I thought you only liked videos from Jerry B, Reg and Ace tree, good to see you comment well on someone elses, must have been the metallica that helped. 

Take care X,

Jeth B


----------



## Gcarr65 (Oct 26, 2011)

*Nice job*

those wires look close too. Hate those things!


----------



## jerrycmorrow (Oct 26, 2011)

don't know what climbers think about this but i'm totally impressed with the climbing, cutting, dropping, and the video production. learned a few things. did notice you being on the other side of the trunk from where the tops were being dropped. yeah, i know, "elementary my dear watson". you and your crew definitely earned your $$$ that day.


----------



## Cedar Ed (Nov 8, 2011)

*video*

Very well done,looks like you and the crew like work well as a team.Thanks for posting it up.


----------



## newsawtooth (Nov 11, 2011)

*Hey Keith,*

When are you finishing up the next video? Or are you too busy with our little snow bust on the Front Strange? Also, how's the new bucket working? Cheers.

-Brent


----------



## Kottonwood (Nov 20, 2011)

newsawtooth said:


> When are you finishing up the next video? Or are you too busy with our little snow bust on the Front Strange? Also, how's the new bucket working? Cheers.
> 
> -Brent




Hey Brent,

Yeah that recent storm has me booked til Christmas. I haven't had a second to think of anything other than cutting trees and answering phone calls. We have been working weekends almost every week. It happened at a great time for me though, right when I had picked up some additional advertising and was starting a second crew. I have a bunch of narly removals lined up for this winter and I have even been bringing in a crane from time to time..... damn that makes things easy. The bucket truck has been working out great. It really has improved our efficiency.... though holy #### getting everyone their CDL's is a pain in the ass.

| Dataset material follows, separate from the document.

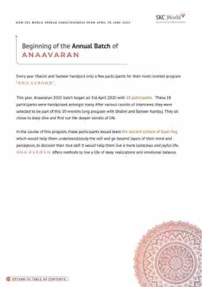 In the course of this program, these participants would learn the ancient science of Gyan-Yog which would help them understand/study the self and go beyond layers of their mind and perception, to discover their true self. It would help them live a more conscious and joyful life. A N A A V A R A N offers methods to live a life of deep realizations and emotional balance.

Do you do your own thing down in Denver or are you with a company? 

-Keith


----------



## NHlocal (Jan 10, 2012)

carolinaclimber said:


> Great video, it was well edited. I'm going to try to put one together soon, just waiting for the right job to take a video of. Cameraman did really well, alot of videos I see on youtube are just clips of the climber and just dont go in depth like yours.



::thumbsup:: PatriotTreeCO,
...Yeah, very well done. I just saw the video, nothing like a good challenge to bring out your best. 
Thanks for posting the video. :msp_thumbup: 
Work safe.:msp_thumbsup:


----------